◆ Provided data ◆
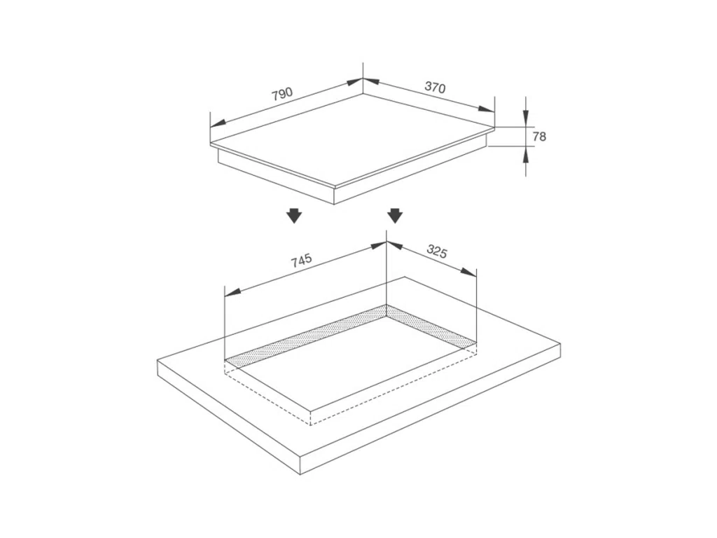 - Kích thước lỗ đá: W745 x D325mm
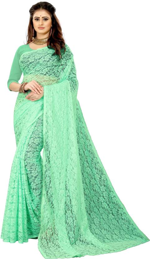 CARRYOX Solid/Plain Bollywood Net Saree (Green)
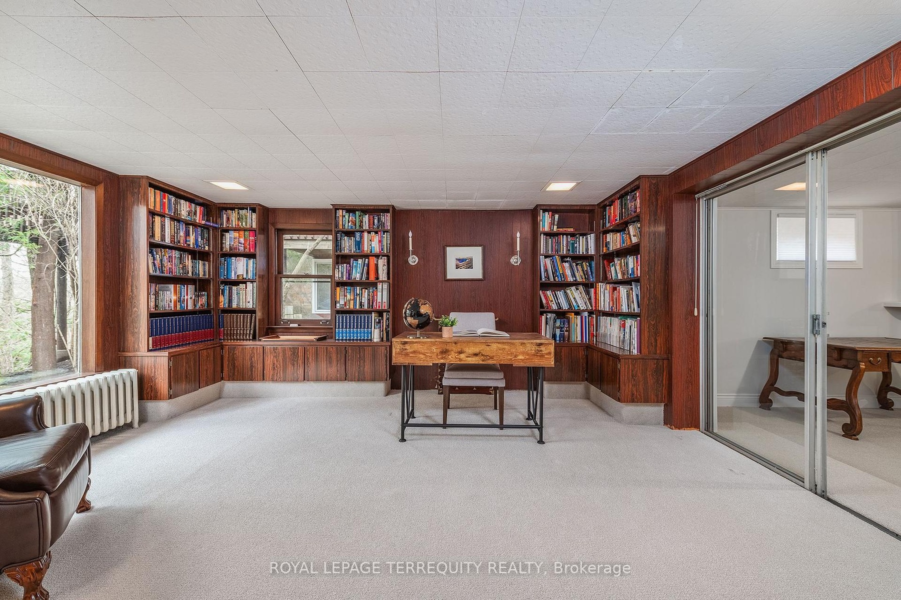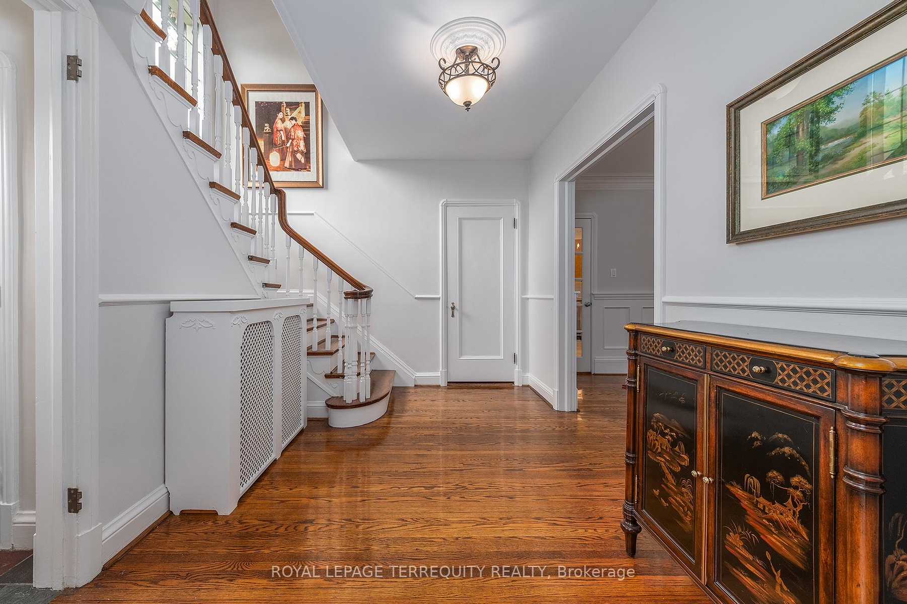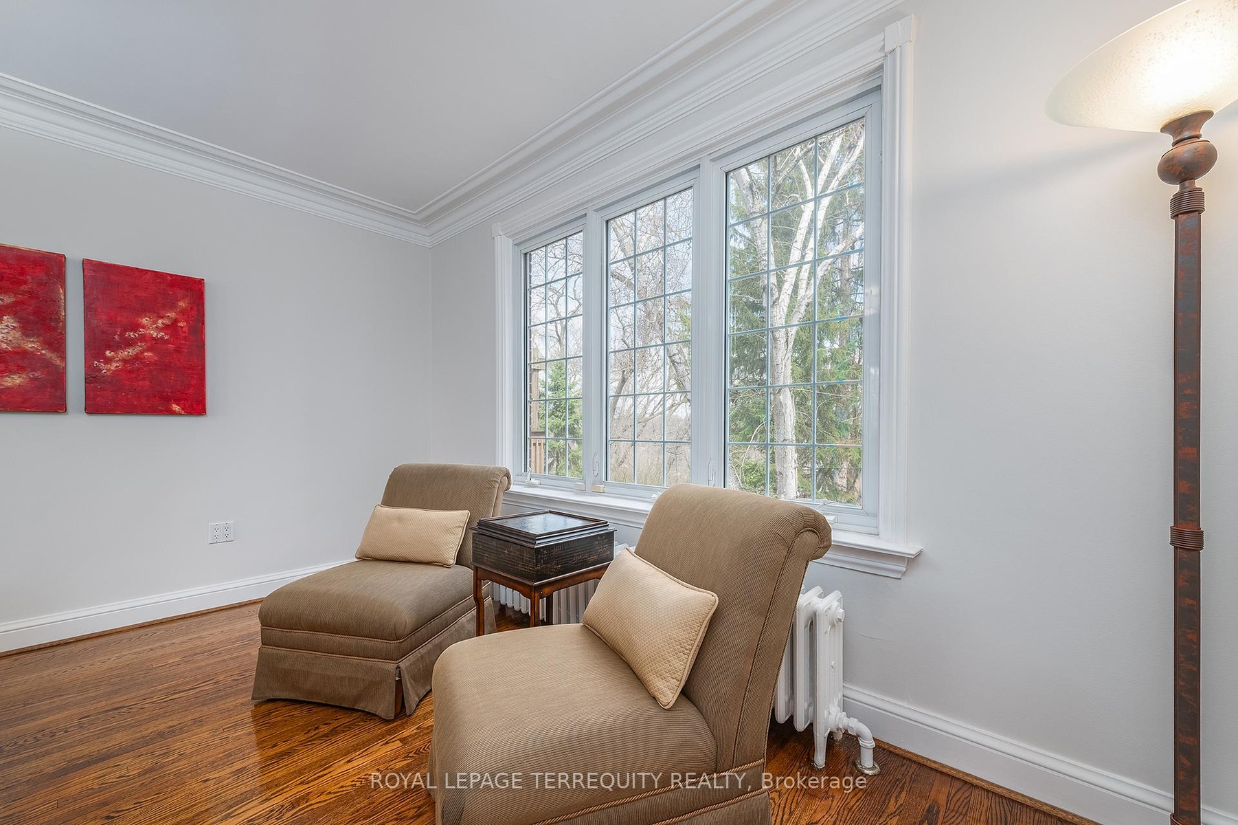 Exceptional Riverside Drive Residence. Rarely available 75' by 226' Ravine Lot. Solid Family Home with space to grow into. Gracious Living room centered around a stately open gas fireplace. Dining room with views to the wooded backyard. Mid Century modern eat-in Kitchen with access to the elevated oversized deck - perfect for morning coffee or twilight wine. Convenient powder room and covered access to the double car garage complete the main floor. Four generous bedrooms on the second - primary with a 3 piece ensuite overlooking the ravine. Wonderful potential to develop the loft attic. (Make sure to walk up the stairs and view) Above grade walk out basement to stone patio from the home office/bedroom. Full size recreation/games room - billiards anyone? Separate laundry room plus ample storage in the utility room. Steps to "Lucy Maud Montgomery" Parkette. All the above on a coveted street in Swansea with easy walking access to the Subway, Bloor West Village Shops & Restaurants, The Old Mill and Humber River Trails. 12 minutes to the financial district and minutes to the Martin Goodman Trail Boardwalk siding onto Lake Ontario. Fantastic School Districts. Move in, live and personalize at your leisure.

◆ Problem description ◆
Output the listing above exactly as it stands; no picture should appear.

◆ Your solution ◆
 - Kích thước lỗ đá: W745 x D325mm
 CARRYOX Solid/Plain Bollywood Net Saree (Green)
 Exceptional Riverside Drive Residence. Rarely available 75' by 226' Ravine Lot. Solid Family Home with space to grow into. Gracious Living room centered around a stately open gas fireplace. Dining room with views to the wooded backyard. Mid Century modern eat-in Kitchen with access to the elevated oversized deck - perfect for morning coffee or twilight wine. Convenient powder room and covered access to the double car garage complete the main floor. Four generous bedrooms on the second - primary with a 3 piece ensuite overlooking the ravine. Wonderful potential to develop the loft attic. (Make sure to walk up the stairs and view) Above grade walk out basement to stone patio from the home office/bedroom. Full size recreation/games room - billiards anyone? Separate laundry room plus ample storage in the utility room. Steps to "Lucy Maud Montgomery" Parkette. All the above on a coveted street in Swansea with easy walking access to the Subway, Bloor West Village Shops & Restaurants, The Old Mill and Humber River Trails. 12 minutes to the financial district and minutes to the Martin Goodman Trail Boardwalk siding onto Lake Ontario. Fantastic School Districts. Move in, live and personalize at your leisure.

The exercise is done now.